C’est une véritable charge, signée par deux filles de victimes, Magali Drouet et Sandrine Leclerc. L’originalité de l’ouvrage réside dans l’absence de pathos et la description d’une quête de justice en butte à cette raison d’Etat qui devait, pensaient-elles, soutenir leur besoin de comprendre pourquoi leurs pères sont morts à Karachi.
Confrontées à ce drame, elles découvrent, dans un premier temps, l’impréparation de la DCN, dès lors qu’il agit de venir en aide aux onze familles touchées par l’attentat. L’accès aux corps est entravé et les informations sur les circonstances de l’attentat sont rares. Les familles sont contraintes de se prêter à des mises en scène.
Quant aux représentants de l’Etat, ils ne leur opposent que des mots. Michèle Alliot-Marie, alors ministre de la défense, se déclare joignable à tout instant sans même leur donner un numéro de téléphone. Cela n’empêchera pas Mme Alliot-Marie de communiquer en prétendant recevoir régulièrement les familles endeuillées, les choquant encore davantage.
Les revendications des familles de victimes, soucieuses aussi de voir la justice enquêter activement sur l’attentat, sont présentées comme des caprices, voire pis. Faute de rentrer dans le rang, elles sont accusées, par la DCN, de vouloir tirer un profit financier de la mort de leurs pères. Face à ce qu’elles considèrent comme "de la négligence" et "du mépris", elles vont découvrir l’utilité d’un allié, les médias.

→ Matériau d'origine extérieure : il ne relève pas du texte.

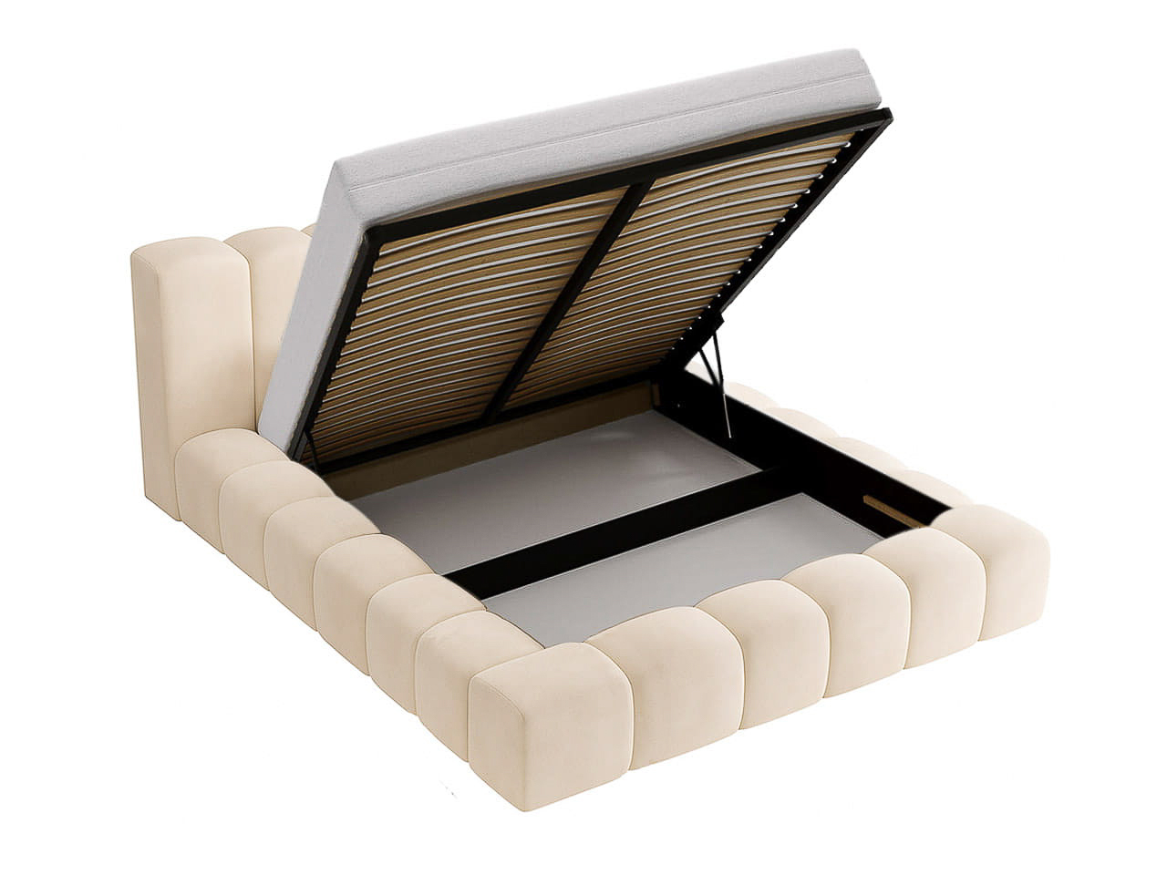 Łóżko tapicerowane 140x200 Calypso kremowe z pojemnikiem na pościel i stelażem metalowym
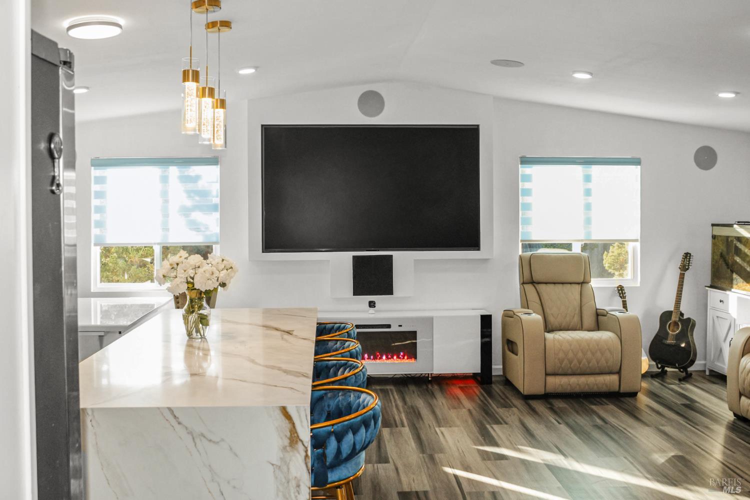 This 3-bedroom, 2-bath with an additional flex room is located in one of Contempo Marin's most sought-after communities. The home features an updated kitchen with updated countertops, modern light fixtures, and refreshed flooring, creating a fresh and inviting feel. The flex room provides versatile space for a home office, hobby room, or extra living area. Step outside to enjoy a private deck and patio, offering a comfortable spot for outdoor dining or summer BBQs. Additional highlights include a detached storage shed and ample parking. The property is situated in a pet-friendly, all-ages community with amenities that include a pool, gym, and playground.

Entre "la presse poubelle", "la presse d’information" et "la presse d’investigation", elles se fraient leur chemin dans un univers où se mêlent les grands contrats internationaux, le secret d’Etat, les relations franco-pakistanaises, qui les condamnerait à l’isolement et au silence si leurs griefs ne recevaient aucun écho public.
C’est sans doute à ce moment que les familles vont changer de posture. De partie civile, adossée à l’Etat protecteur, se satisfaisant des explications officielles et faisant passer l’intérêt individuel après l’intérêt public, elles vont devenir accusatrices. Désormais, elles parlent de "manipulation de l’Etat", elles soulignent leur propre "aveuglement" face à une République qui "dissimule des éléments à son institution judiciaire". L’attitude du président de la République, Nicolas Sarkozy, provoque même "l’écoeurement" et la "colère".
Au terme de cette prise de conscience, les familles sortiront du giron officiel et déposeront une plainte, fin 2009, pour enfin, espèrent-elles, obtenir des réponses à leurs questions. Pourquoi ces pages sonnent-elles si justes ? Parce qu’on n’y trouve nulle croisade concernant la thèse même de l’origine de l’attentat. Est-ce le non-versement de commissions occultes à des intermédiaires qui aurait coûté la vie aux Français ? Est-ce un acte purement terroriste ?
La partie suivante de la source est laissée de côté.